This starts our series on resetting and restoring the body.
We know that during the course of a season, training program, or even the demands of everyday life, people often accumulate some degree of stress and tension in the body. Over time and with repetition this can lead to reduced mobility and extensibility of our tissues and joints. When we see this accumulate it can start to limit our movement options. This reduction in movement options can sotimes lead to injuries. It is important to work on restoring and resetting very foundational movements, areas where a reduction in mobility can cause significant impact either locally or at an area further away.
The first of these areas: the hips and a movement called a hip hinge.
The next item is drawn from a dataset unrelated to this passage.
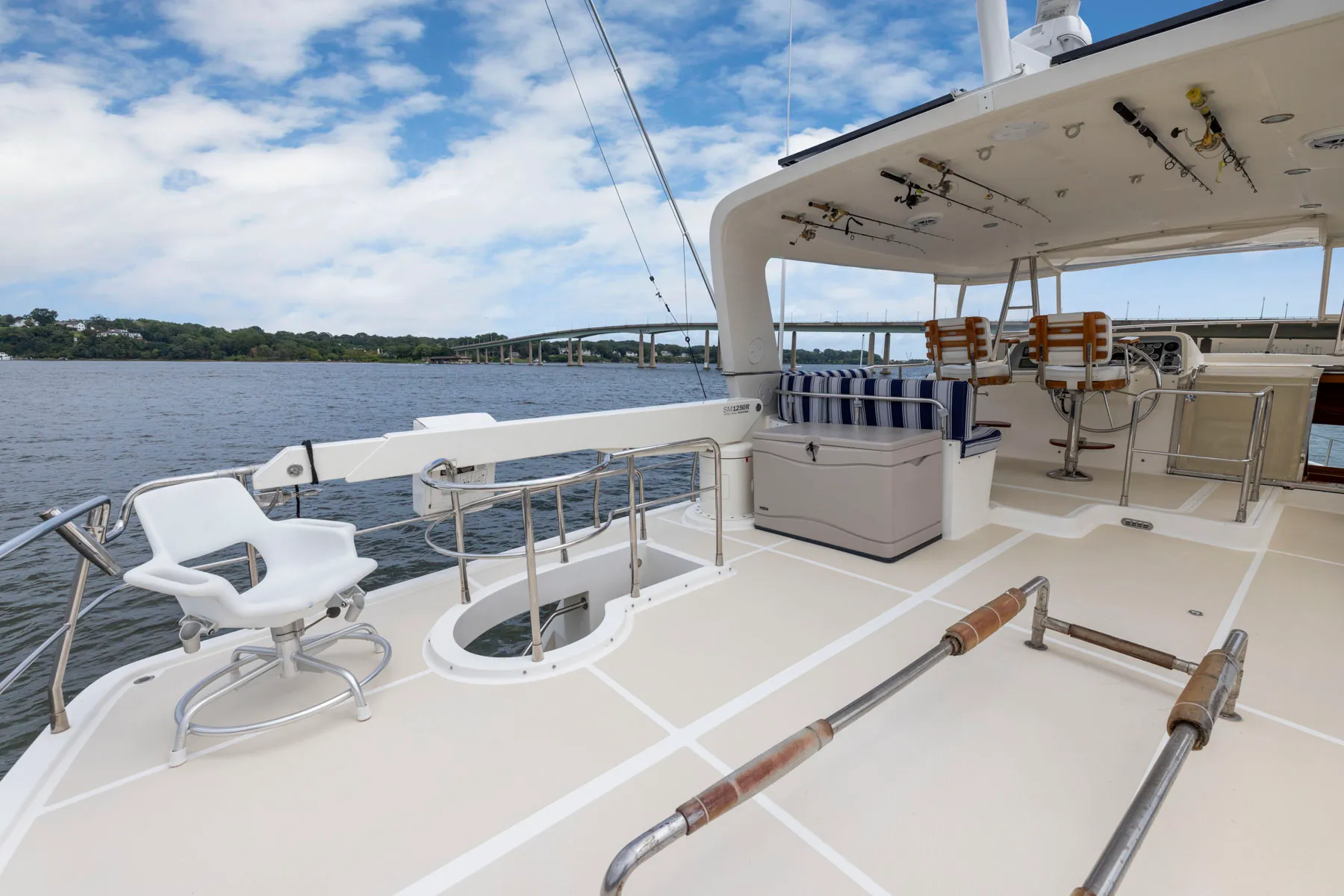 - Portuguese bridge access gate to foredeck; storage lockers inside bridge

One of the most common areas we see significant limitations in mobility is in the hips. This is an area where a lack of mobility can potentially cause a widespread cascade of problems. Simply put, the hips are designed to allow large ranges of motion and moving well at the hip joint is essential. Looking at this from a performance lens, the hips are the most powerful joint in the body, and the hip hinge is the most powerful movement pattern we can perform. It allows us to move into positions which can help reduce stress to structures such as the spine and knees, among many others.
Own the hip hinge and you have mastered a critical piece of foundational movement which you can build upon, not only to create resilience but performance. Think of it as the chassis of a car or the base of a pyramid, on which more specific work will be built. If you don’t own this movement you are missing out on….well you get the idea….its all in the hips.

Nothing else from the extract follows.